_TASK PROMPT_.
All that is needed is the first stretch of the listing below, repeated exactly and ending with the line that contains "在本届颁奖典礼上,西安培华学". Pictures are to be left out.

_STORED DATA_.
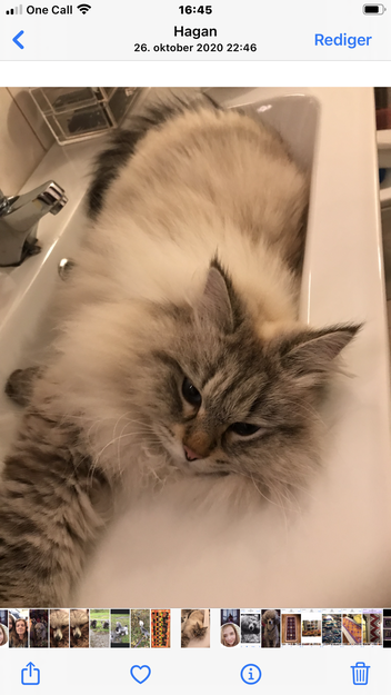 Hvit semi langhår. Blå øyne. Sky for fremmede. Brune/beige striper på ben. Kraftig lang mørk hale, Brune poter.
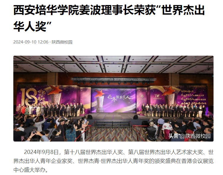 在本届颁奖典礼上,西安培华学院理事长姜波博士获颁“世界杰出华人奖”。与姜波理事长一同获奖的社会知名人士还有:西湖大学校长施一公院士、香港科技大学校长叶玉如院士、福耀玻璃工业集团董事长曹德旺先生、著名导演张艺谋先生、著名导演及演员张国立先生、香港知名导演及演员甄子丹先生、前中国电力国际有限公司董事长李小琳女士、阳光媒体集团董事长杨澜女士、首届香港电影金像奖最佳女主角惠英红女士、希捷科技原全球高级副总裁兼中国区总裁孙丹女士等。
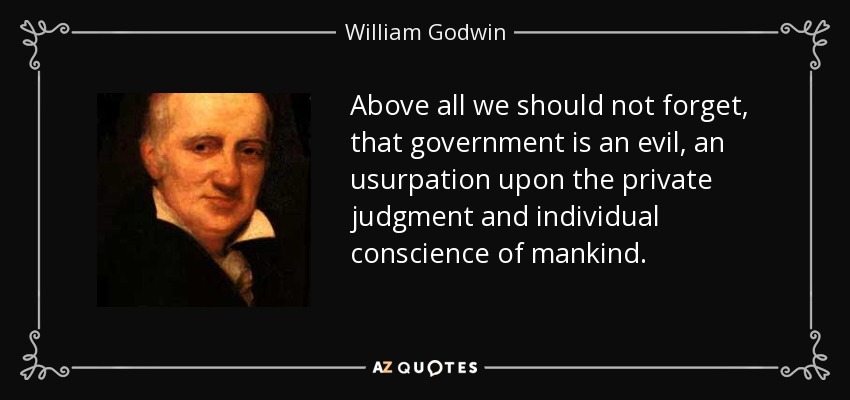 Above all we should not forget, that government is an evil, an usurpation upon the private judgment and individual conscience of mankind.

_ANSWER BOX_.
 Hvit semi langhår. Blå øyne. Sky for fremmede. Brune/beige striper på ben. Kraftig lang mørk hale, Brune poter.
 在本届颁奖典礼上,西安培华学院理事长姜波博士获颁“世界杰出华人奖”。与姜波理事长一同获奖的社会知名人士还有:西湖大学校长施一公院士、香港科技大学校长叶玉如院士、福耀玻璃工业集团董事长曹德旺先生、著名导演张艺谋先生、著名导演及演员张国立先生、香港知名导演及演员甄子丹先生、前中国电力国际有限公司董事长李小琳女士、阳光媒体集团董事长杨澜女士、首届香港电影金像奖最佳女主角惠英红女士、希捷科技原全球高级副总裁兼中国区总裁孙丹女士等。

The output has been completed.